Resting with Eighteen Million People
The first day of the break played out exactly as it needed to — which is to say, it involved just the right amount of not very much at all.
The highlight, if a single thing can be named, was breakfast.
For the past year, breakfast has looked largely the same every morning — a seven-day rotation of noodles, always accompanied by two boiled eggs and two bread rolls. I use the term bread rolls generously. The locals would call them that. To me, they have always felt more like small, well-intentioned bricks of flour that do the job without ever inspiring any particular enthusiasm. You eat them. You are grateful. You do not join a queue for them.

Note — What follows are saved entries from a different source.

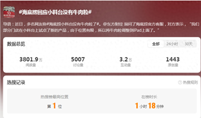 今天,话题#海底捞回应小料台没有牛肉粒#登上微博热搜榜第一,引发网友关注。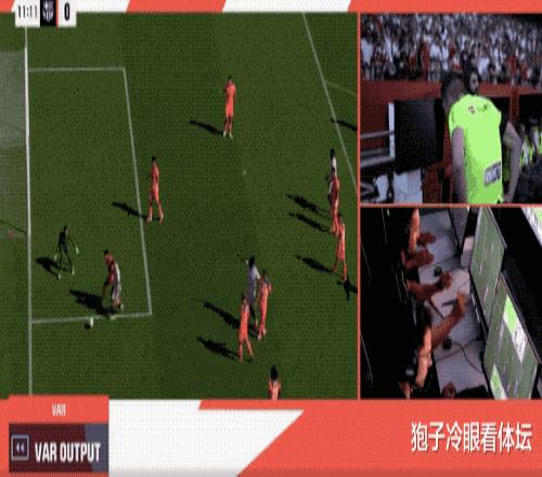第11分鐘,VAR介入,通過慢動(dòng)作可以看到,和阿勞霍對抗過后,伊薩克·羅梅羅在禁區(qū)內(nèi)倒地,裁判判罰點(diǎn)球。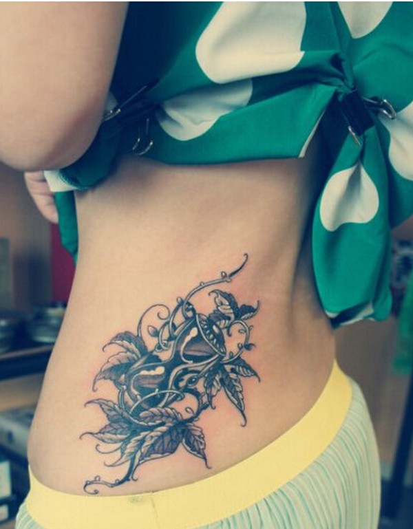 分享一款腰部时尚性感的蝶恋花纹身图案_腰部纹身图案大全_纹身图吧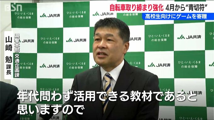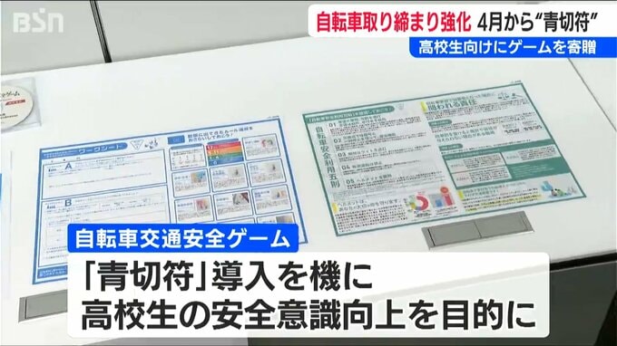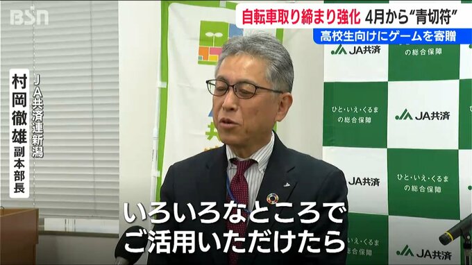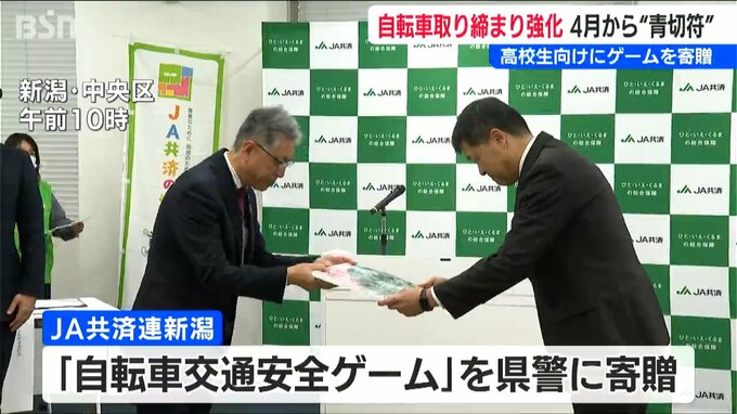 自転車利用者への取り締まりを強化するいわゆる「青切符」が導入されるのを前に、高校生向けのユニークな教材が、JA共済連新潟から警察に贈られました。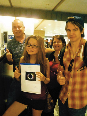 加拿大籍旅客羅伯特帶領(lǐng)全家六口來(lái)中國(guó)觀看日全食奇景。他在辦好入境手續(xù)后告訴邊檢民警:他和4個(gè)孩子都是天文愛(ài)好者,去年9月就定好了酒店,這次專(zhuān)程帶放假的孩子來(lái)觀看“日全食”。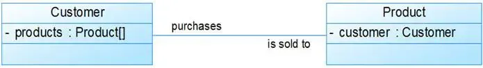 从上图中我们很容易看出,所谓的双向关联就是双方各自持有对方类型的成员变量。在UML类图中,双向关联用一个不带箭头的直线表示。上图中在Customer类中维护一个Product[]数组,表示一个顾客购买了那些产品;在Product类中维护一个Customer类型的成员变量表示这个产品被哪个顾客所购买。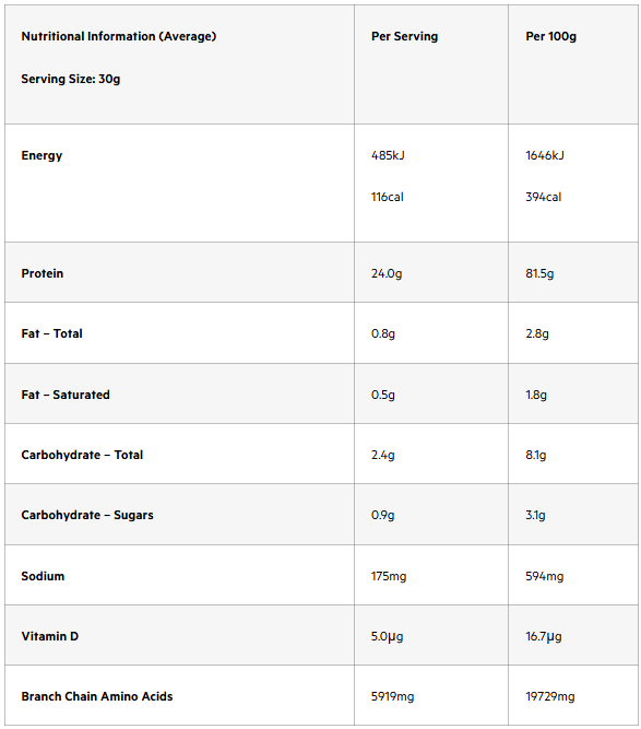 - Add 1 scoop (~30g) of Vanilla Lean Whey Protein to 250ml of cold water or milk. Shake well – then serve.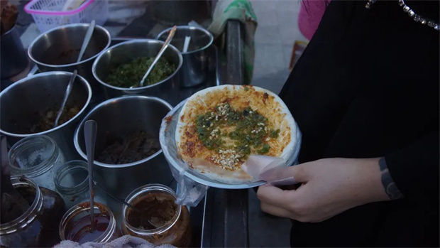 烤好的風吹粑粑,在表面抹上辣醬、花生碎,又或是舀上一勺稀豆粉,一口下去,既有被炭火烤得酥脆的米香,又有各種調料帶來的麻辣鮮香。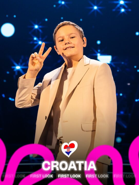 It was Croatia’s turn with Marino Vrgoč, who, with his song “Snovi,” transformed the stage into a visual journey full of sensitivity. Dressed in an impeccable white suit, Marino appeared alone on stage, elevated on a circular platform that became the center of all attention.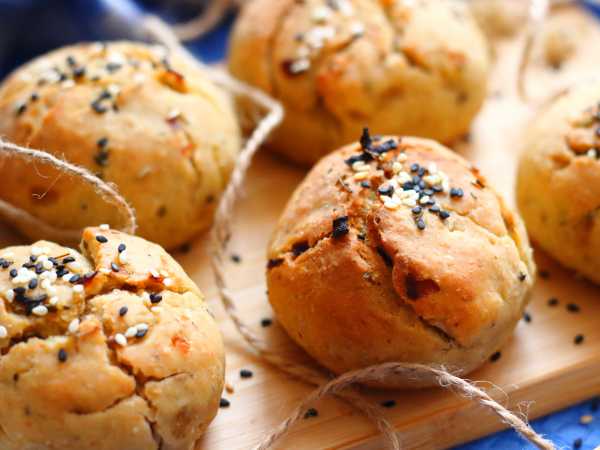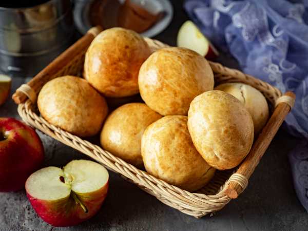 После чего поместите в нагретую духовку и выпекайте булочки при температуре 180°С примерно 20 минут, до румяной корочки.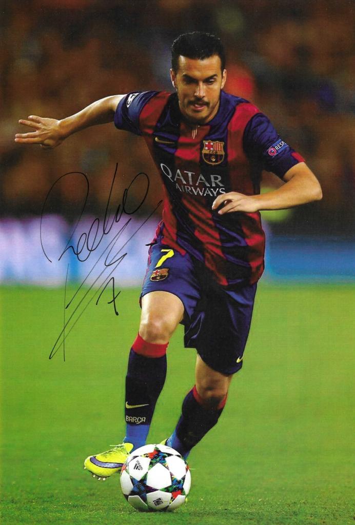 Autografo di Pedro Rodríguez, ala del Barcellona e campione del mondo. Fotografia in maglia blaugrana firmata in pennarello nero.

Shenzhen is a city of eighteen million people. Which means choice — real choice, the kind that requires a moment to actually consider rather than simply accepting whatever is in front of you. So this morning, in the company of a good friend, I sat down and ordered eggs Benedict and pancakes, and I will not pretend it was anything other than quietly magnificent. So quietly magnificent, in fact, that I am already planning to do exactly the same thing tomorrow.
The rest of the day was spent deep in conversation with a close friend — the kind that covers nothing in particular and everything that matters, that wanders without direction and somehow always arrives somewhere worth being. Easy, unhurried, generous with its time.
Kung Fu and Tai Chi were nowhere near my mind today. And that, in itself, felt like a gift.
It was the rest I needed. The rest I wanted. The rest that, after the months that have just passed, I think I had genuinely earned.